Двадцать седьмого апреля шестидесятого года утром Б.Л. писал мне в записке:
«Меня очень интересует то правдивое и здравое, что вы (ты, Ира, Кома, Костя) думаете о недоработанной половине пьесы… Там так много неестественной болтовни, которая ждет устранения или переделки…»
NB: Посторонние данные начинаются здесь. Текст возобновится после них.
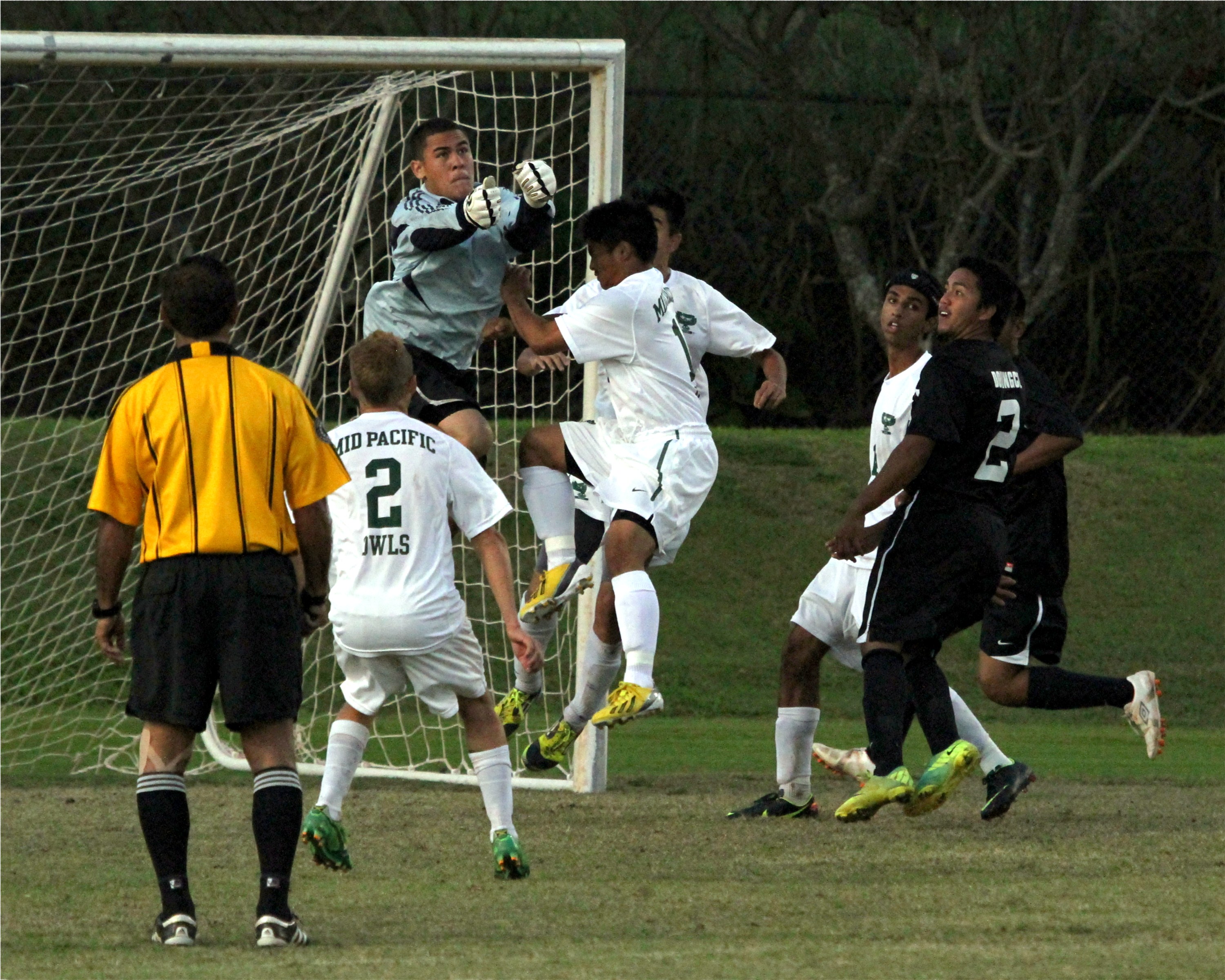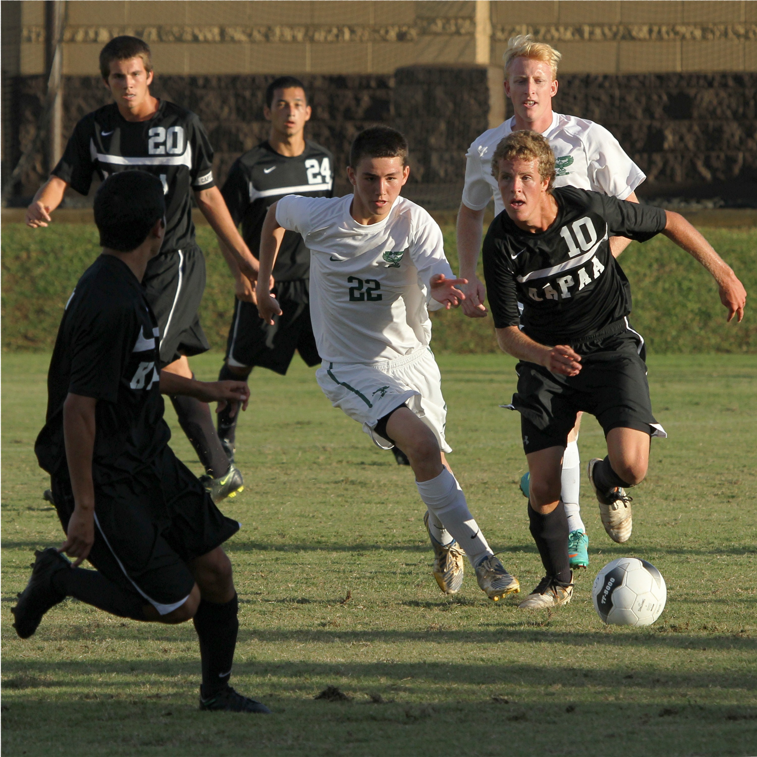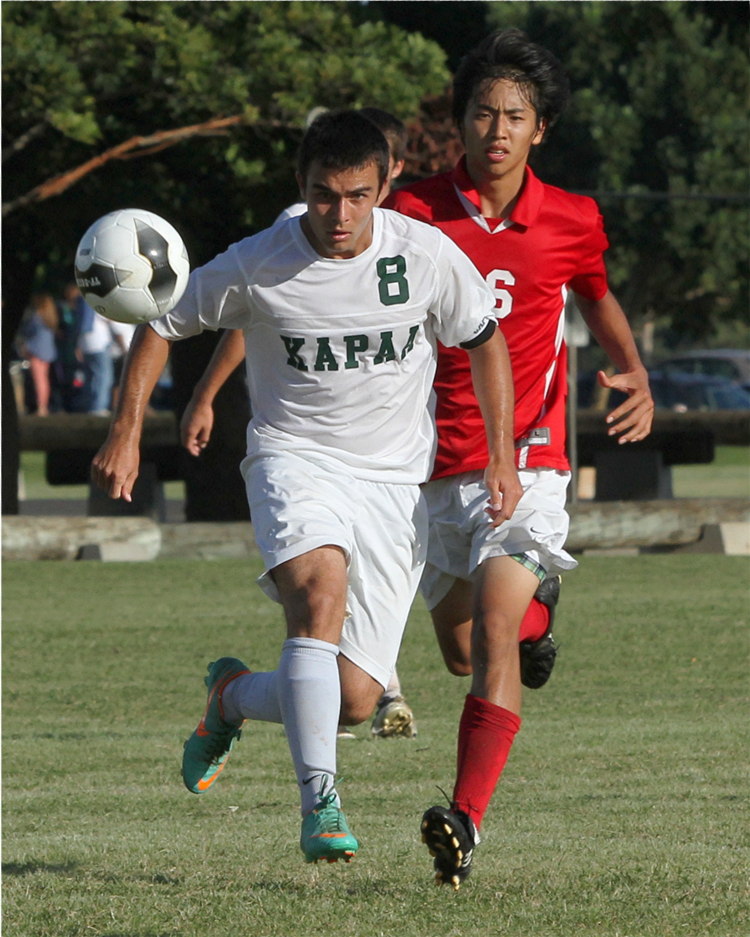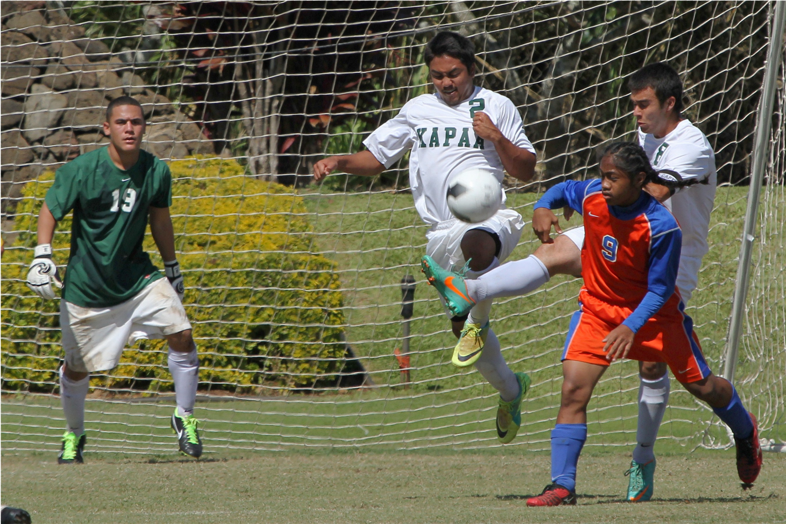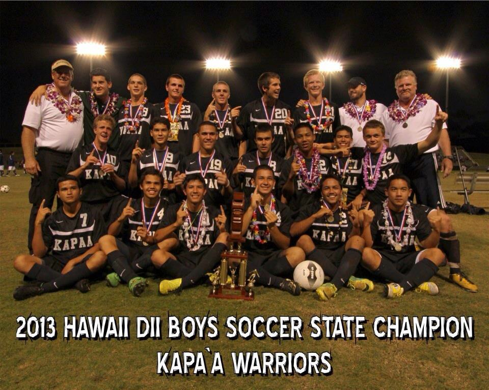 The Kapaa High Boys Soccer team captured the State  Division II Championship title by defeating Mid Pac 2-1 at the Waipio Soccer Stadium on February 9, 2013.  After winning the KIF title they beat a tough Hawaii Prep Academy team 4-3.   They then beat Kalaheo 5-2 to advance to the championship game.  This was the teams third consecutive appearance in the State Championship game and the team with 11 seniors was determined not to let this one get away.Head Coach Kevin Cram and some of the boys came to the last Foundation board meeting to share their tournament experiences.  ” We are the best equipped team on the island.” he said, thanking the Foundation for the financial and moral support.( The Foundation helped in purchasing balls and uniforms earlier in the season)  He also mentioned that  the boys are also doing well academically,  with a number of them being honor students with gpas of 3.4 or higher.  Foundation Board member Bob Kubota  commended the team for showing leadership on and off the field.

И уже совсем больной, пятого мая, он снова беспокоился о пьесе:
«Все, что у меня или во мне было лучшего, я сообщаю или пересылаю тебе: рукопись, пьесы, теперь диплом [30] . Прошейте, пожалуйста, тетрадь с пьесой. Как бы при чтении не разрознили выпадающих страниц».
30
Уже смертельно больной, Б.Л. получил диплом почетного члена Национального института и Академии литературы и искусств США, присужденный ему в феврале 1960 года в знак «признания творческих достижений в искусстве». Этот диплом Б.Л. сразу же переслал мне через Костю Богатырева. «Только пронесите его незаметно, спрячьте как-нибудь», — сказал он Косте. Пронести незаметно жесткую папку размером 32x42 см — дело почти безнадежное. Но никто не встречал его и не провожал, как обычно в эти среды.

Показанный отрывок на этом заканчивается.